In summary, if the light-emitting optical fiber is applied to the exterior lighting product of the automobile, the brightness of the light-emitting optical fiber must be improved, a high-power light source must be used to improve the brightness of the light-emitting optical fiber, and an optical coupling structure must be added to use the high-power light source.

Disclosure of Invention

The present invention is directed to solving the above-mentioned problems of the prior art and providing an optical coupler assembly.

The purpose of the invention can be realized by the following technical scheme: an optical coupler assembly comprising:

a support;

a circuit board connected to the holder, the circuit board being provided with a light emitting element;

a coupler disposed between the bracket and the circuit board and connected to the circuit board, the light emitting element being aligned with the coupler;

and the optical fiber crystal head is detachably connected with the coupler, and when the optical fiber crystal head is connected with the coupler and is aligned with the coupler, the light emitted by the light-emitting element can be emitted into the optical fiber crystal head through the coupler.

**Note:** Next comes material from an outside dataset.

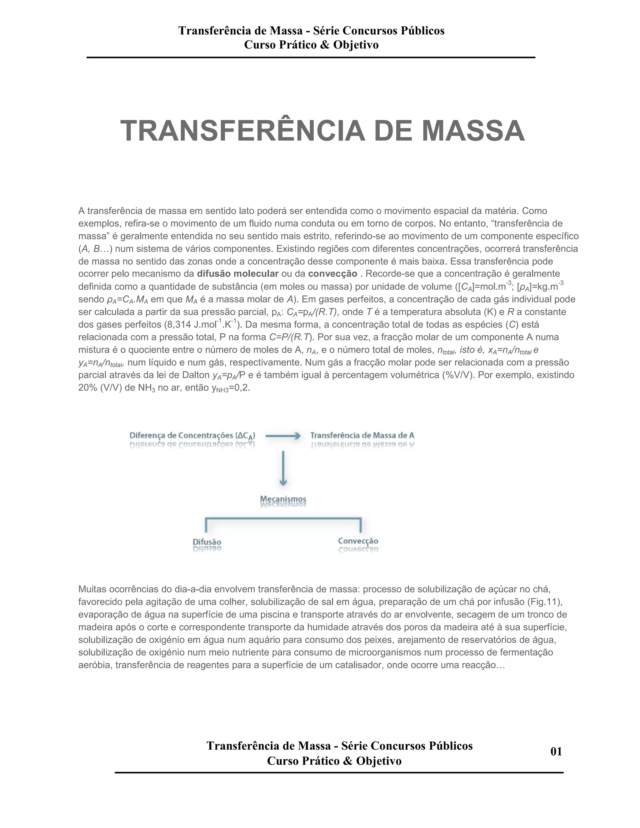 O documento descreve os conceitos fundamentais da transferência de massa entre fases. A transferência de massa pode ocorrer por difusão molecular ou convecção, movendo componentes de regiões de alta para baixa concentração. A velocidade de transferência depende do gradiente de concentração e da difusividade ou coeficiente de transferência de massa. Equilíbrios entre fases são descritos por leis como Lei de Henry ou Raoult.

In the above optical coupler assembly, a first mounting opening and a second mounting opening are respectively formed at the bottom and the top of the bracket, a receiving cavity is formed inside the bracket, the first mounting opening, the receiving cavity and the second mounting opening are integrally communicated, the coupler can be mounted in the receiving cavity through the first mounting opening and the circuit board covers the first mounting opening, and the fiber crystal head can be mounted in the receiving cavity through the second mounting opening and connected with the coupler.

In the above optical coupler assembly, the second mounting opening is provided with an elastic claw, when the optical fiber crystal head moves from the second mounting opening to the accommodating cavity, the optical fiber crystal head can push the elastic claw to be spread, and when the optical fiber crystal head is located in the accommodating cavity and connected with the coupler, the elastic claw can push the optical fiber crystal head to be abutted against the coupler.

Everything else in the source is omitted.